If the question helps explain an important phenomenon, improves a consequential decision, tests a theoretical prediction, identifies an overlooked risk, clarifies conflicting evidence, or enables better practice, the research rationale becomes easier to defend.
Feasibility should refine the question, not quietly replace it
Your ideal question may require data you cannot access, a sample you cannot recruit, an experiment you cannot conduct ethically, or a timeframe longer than your degree program has any intention of granting you.
Feasibility matters. Research-question guidance consistently treats available participants, expertise, time, resources, and ethical acceptability as central considerations.
But feasibility should help you find the closest answerable version of the important question rather than encourage you to study whatever variables happen to be easiest to collect.
If you care about actual behavior but can only obtain perceptions, do not silently redefine perceptions as behavior. Either justify why perceptions are themselves the relevant phenomenon or reconsider the study.
You do not need a hypothesis for every kind of serious research question
Some quantitative explanatory studies appropriately develop prespecified hypotheses from theory and prior evidence. Other research begins with descriptive, exploratory, qualitative, interpretive, or methodological questions for which forcing a directional hypothesis would be artificial.
The important principle is alignment. The question should determine what evidence and method are appropriate, not the other way around.

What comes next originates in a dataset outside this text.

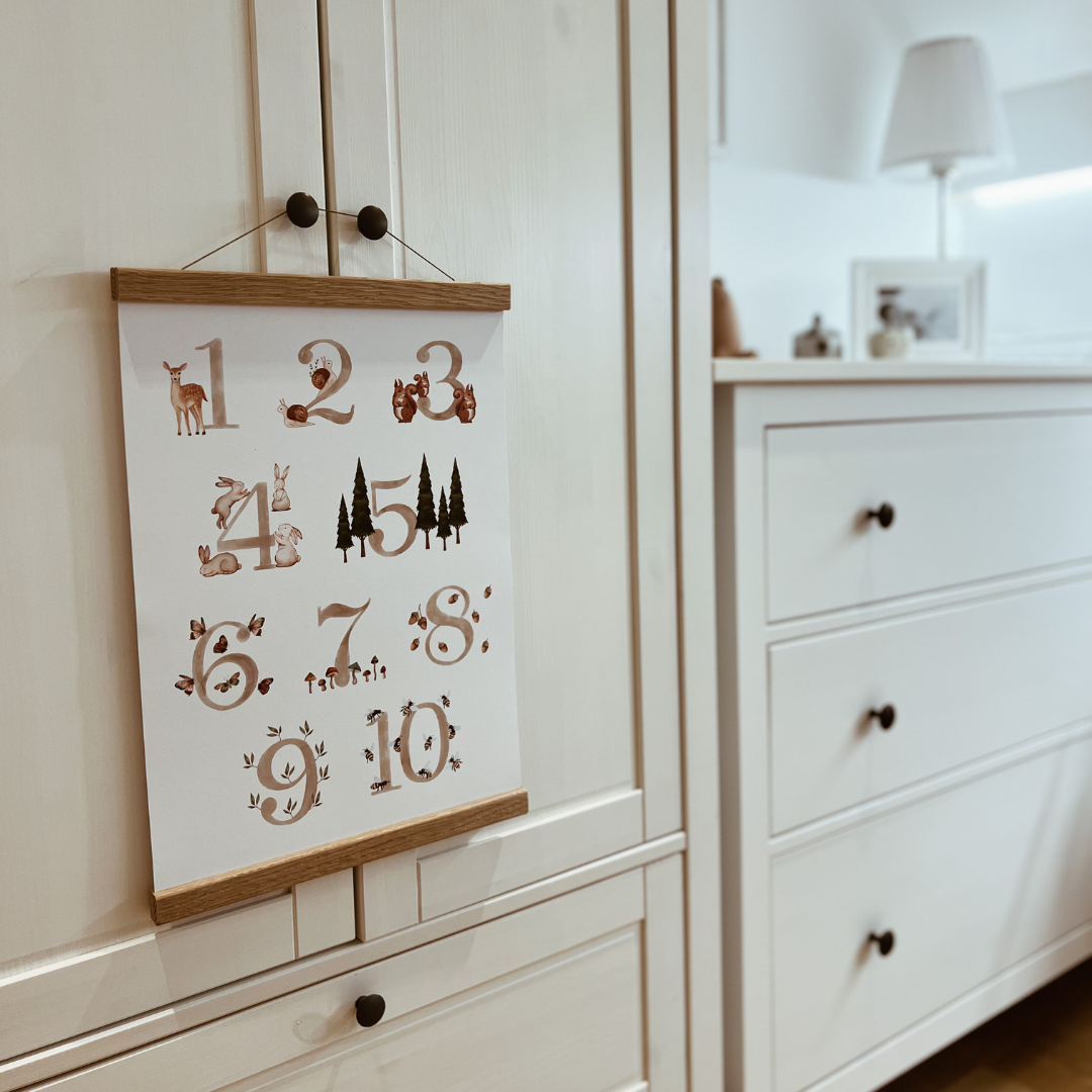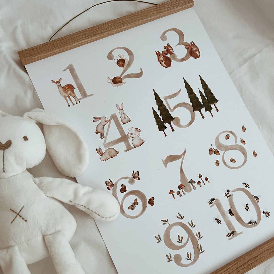Čudovit print, ki bo krasil sobico vašega malčka in hkrati pripomogel k poznavanju številk. Odlična ideja tudi kot darilo. Primeren za fantke in punčke.

If your curiosity is still broad, it may first become a research topic grounded in something you genuinely find interesting. Further reading and refinement can then turn that interest into a focused question.
A good question is narrower than the curiosity that produced it
Your curiosity may concern an entire phenomenon. One study usually should not.
“Why do people trust AI?” could encompass different populations, AI systems, decisions, levels of risk, forms of trust, experiences, and contexts. A feasible study might instead examine how source transparency influences reliance on AI-generated recommendations among a defined professional group performing a specified task.
Narrowing is not betraying the larger curiosity. It is how research makes part of that curiosity answerable.